– Вам жалко уходящей зимы?
Он прав, ей очень жаль уходящей зимы. Но еще больше – себя. Улыбнись сейчас человеку, и все, может быть, наладится, потому что случайный прохожий, остановившийся около чужой беды, изначально добр. Сергей ведь тоже когда-то остановился…
– Спасибо, мне уже лучше, – соврала Лена, ибо ей становилось все горше и горше.
Парень помялся, но она не дала ему никакого знака, посыла, чтобы он задержался, и спортсмен, кивнув ей, исчез за снегом. Был или не был? Где Сергей?
Сергей стоял на выходе из кафе перед протянутой рукой Бабы Яги. Не позолотил при входе костлявой шершавую ладонь – вот и получил то, чего и в страшном сне не могло привидеться. С запозданием, но придется исправляться.
Достал из нагрудного кармана красную коробочку в виде сердечка, поднял выпуклую крышку.

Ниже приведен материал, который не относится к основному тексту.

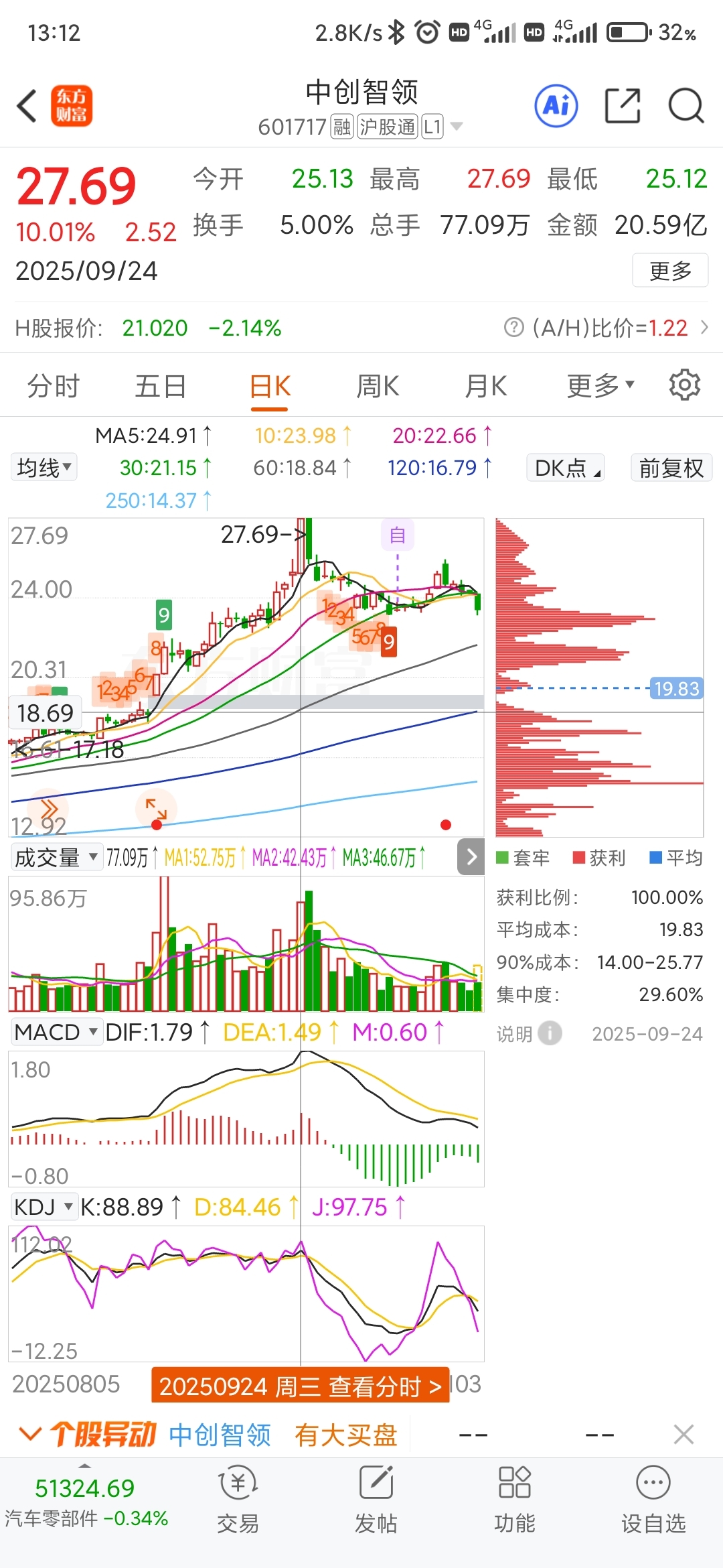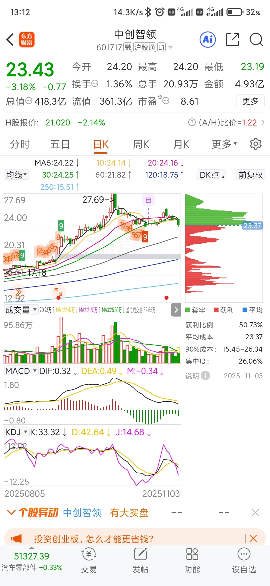 $中创智领(SH601717)$ 看看获利盘一直在出,底下筹码快出了一半了,还有人在吹锁仓的,是真搞笑,要是我,我也融资空,反正只要大盘涨,那你准备好中创百分之八十绿,大盘绿,那么中创百分之九十五是绿

Обручальное колечко с крохотным бриллиантиком вынулось из прорези легко – он часто доставал его, любуясь и представляя, как оно будет смотреться на руке у Лены. Лена ушла, и он надел его на костистый, с длинным коричневым ногтем палец Бабы Яги. Улыбнулся в замершую над ним видеокамеру, кивнул напрягшейся перед броском официантке – кто успеет. И вышел.
И секла ему лицо последняя, может быть, в этом году метель. Прохожие торопились спрятаться в тепло, чтобы переждать непогоду, и лишь два человека, не замечая снега и ветра, упорными корабликами шли по улице. В противоположных направлениях. Они не захотели пережидать ненастье в бухте, и пурга трепала их паруса, подводные рифы наносили им пробоины, компас терял курс, а ветер уносил все дальше и дальше от берега. Спасительным красным светом вспыхнули вроде впереди маяки-светофоры, но это в море они дают ориентиры и манят к себе. На московских улицах они таят опасность, запрещая идти дальше. А может, наоборот, останавливая людей для того, чтобы они могли еще раз остановиться, оглянуться…
1.
Как она танцевала!
Полевая форма делала ее мешковатой – но только до момента, пока не вошла в круг. Под буро-зелеными разводами «пятнашки», растворяющей среди рыжих мхов, зеленой листвы и болотной жижи бойцов спецназа, неожиданно проявилось гибкое, легко откликающееся на музыку тело. Так для хорошего поэта не существует проблем с рифмой, для снайпера – точки, в которой должен остановиться его выстрел.
Зал смотрел на нее.
Не особо красивая и приметная за столом, курящая одну за другой сигареты, она, несомненно, знала свой главный козырь и не торопилась вытаскивать его из колоды прежде времени. Позволила даже кому-то выиграть ничего не значащую, разминочную партию, пропустив первые танцы и снисходительно наблюдая из-за сигаретной дымки, как камуфляжные кавалеры торопливо расхватывали немногих дам, оказавшихся в этот вечер в кафе.
До нее очередь так и не дошла, никто даже из ее знакомых не захотел обрекать себя на вечер с грузным прапорщиком-связистом – и она всем отомстила. После смены кассеты вышла из-за столика вроде бы за компанию и вместе с компанией, но стоило ей сделать первые движения, как стало ясно: королева нынче – она. Женщины тут же постарались отойти от нее подальше: находясь рядом, они безнадежно проигрывали ей в легкости, элегантности, красоте движений. Зато мужчины – о, мужчины, созданные быть самым чутким биологическим барометром женской притягательности, мгновенно заполонили, затоптали образовавшийся вакуум, стали расправлять складки под ремнями, приводить в порядок потные прически. И многие из тех, кто уже определился с дамами на вечер, позавидовал опоздавшим…
У синей реченьки, под красным солнышком,
С тобой мы прятали от всех любовь, —
подпевала себе прапорщик.
– Тигрыч, не рви сердце.
Мое отчество вообще-то Львович, но после одной из рукопашных, когда я впился зубами в горло бородатому арабу, собственные разведчики повысили меня в зверином табеле о рангах.
Я сижу рядом с Бауди, и зал поначалу косился на нас: появление чеченца среди вышедших из боев офицеров готово было подвигнуть их как минимум на выяснение отношений, и озверевший от войны люд остужали только мои подполковничьи погоны. Геббельсом здесь поработала московская пресса, в большинстве своем состоящая из чванливых и говорливых сосунков, за хороший гонорар готовых расписать в разделе сатиры и юмора похороны собственной матери. В чеченской войне они разбиралась как папуасы в северном сиянии и писали больше о себе, о своем героическом пребывании где-то рядом с войной, но оказались абсолютно не способны приблизиться к первопричине кавказских событий.